A Long-term Federal Project
In its initial form, the project was in fact found unconstitutional by the Supreme Court in December 2011, the Court characterising the federal project as a “comprehensive foray” into the realm of securities regulation, which is under provincial authority.
So, what has transpired since December 2011 and what is it that explains that the Supreme Court would now authorise the federal government to move forward with its project? In one word: cooperation.
Indeed, unlike the federal government’s first attempt submitted to the Supreme Court in June 2010, wherein the Harper government proposed unilaterally moving to create a pan-Canadian securities regulator, the current scheme is completely cooperative, which means that each province or territory can choose to opt in or out.
Moreover, in its December 2011 decision, the Court had suggested that avenue by mentioning a “cooperative approach that permits a scheme recognizing the essentially provincial nature of securities regulation while allowing Parliament to deal with genuinely national concerns.”
To date, the following six jurisdictions have already officially chosen to opt in to the cooperative system: British Columbia, Saskatchewan, Ontario, Prince Edward Island, New Brunswick, and Yukon. In addition, Nova Scotia recently announced that it intends to opt in. However, it is hard to imagine a scenario where Quebec and Alberta would decide to join those jurisdictions in developing such a cooperative system.
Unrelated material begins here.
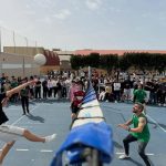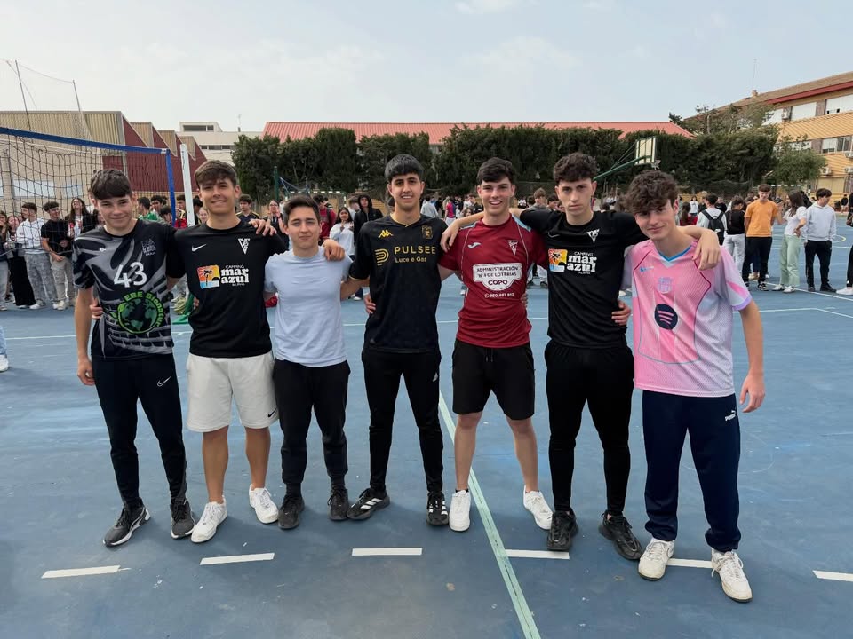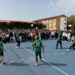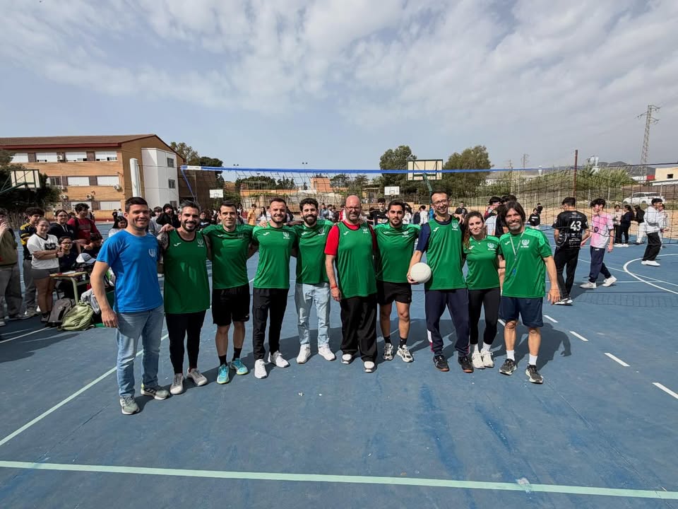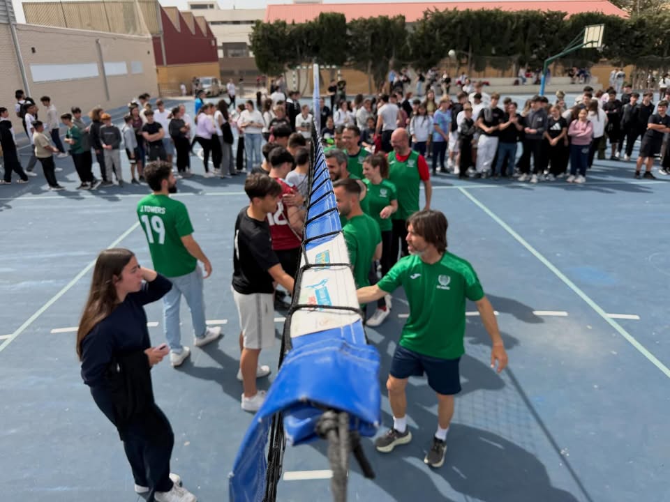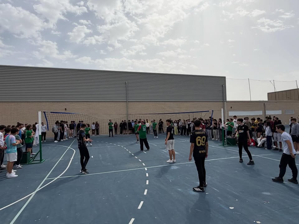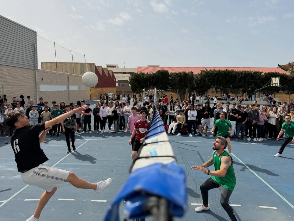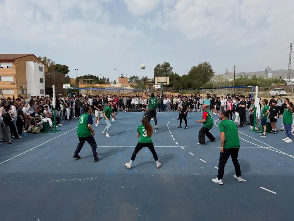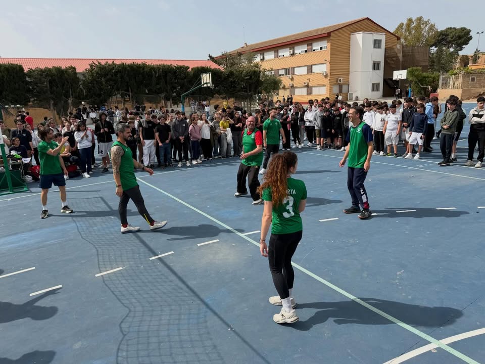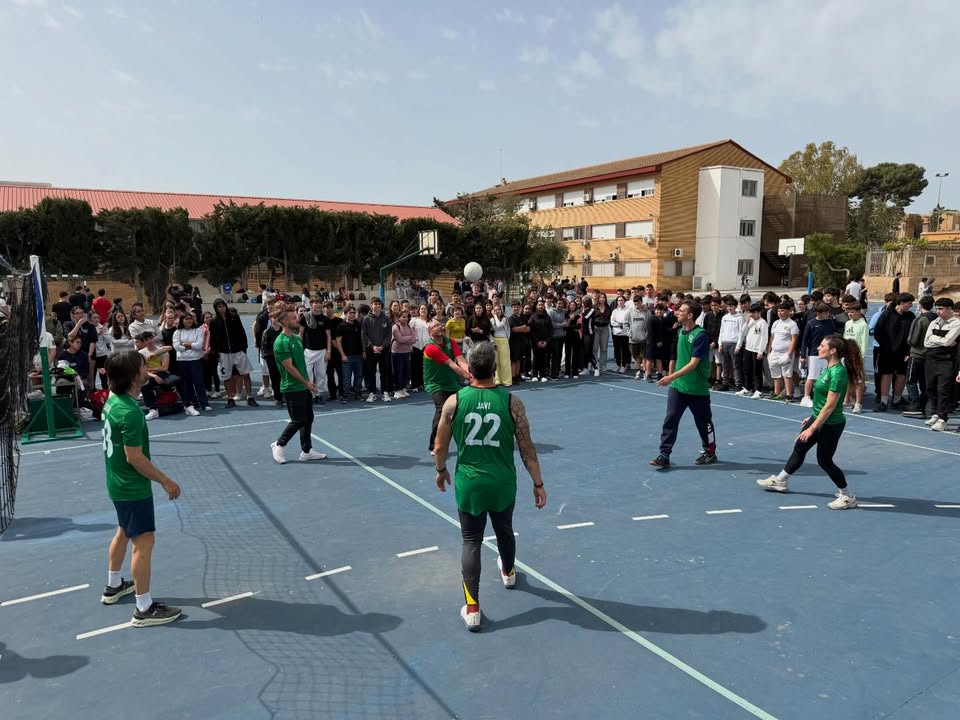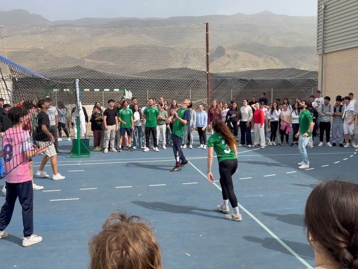 Partido de voleibol de profesores y profesoras contra el equipo campeón del torneo del alumnado 1 Bachll D 🏐. Durante el recreo de hoy todo el instituto ha disfrutado de semejante espectáculo. La semana que viene: Baloncesto ⛹️♂️ y Fútbol ⚽️

Indeed, the governments of those two provinces have consistently resisted the federal government’s attempts to create a national securities regulator. At this stage, it is important to bear in mind that the idea to create a national securities regulator is not new, and that discussions in that respect have been held at various levels for decades.
In Canada, the existing system consists of 13 different jurisdictions, with each province and territory having its own regulations and its own securities regulator. Proponents of the cooperative system delight in reiterating that Canada is currently the only G20 country without a national securities regulator like in the U.S. for example, where the Securities and Exchange Commission has jurisdiction over the entire country. However, these critics forget to mention that Canada’s current system has achieved a level of standardisation and efficiency that is unrivalled in our history. Let us simply mention the development of the passport system, for instance, which allows an issuer that files a prospectus in each province of the country to be able to proceed with that distribution while dealing only with the securities regulator in its own jurisdiction.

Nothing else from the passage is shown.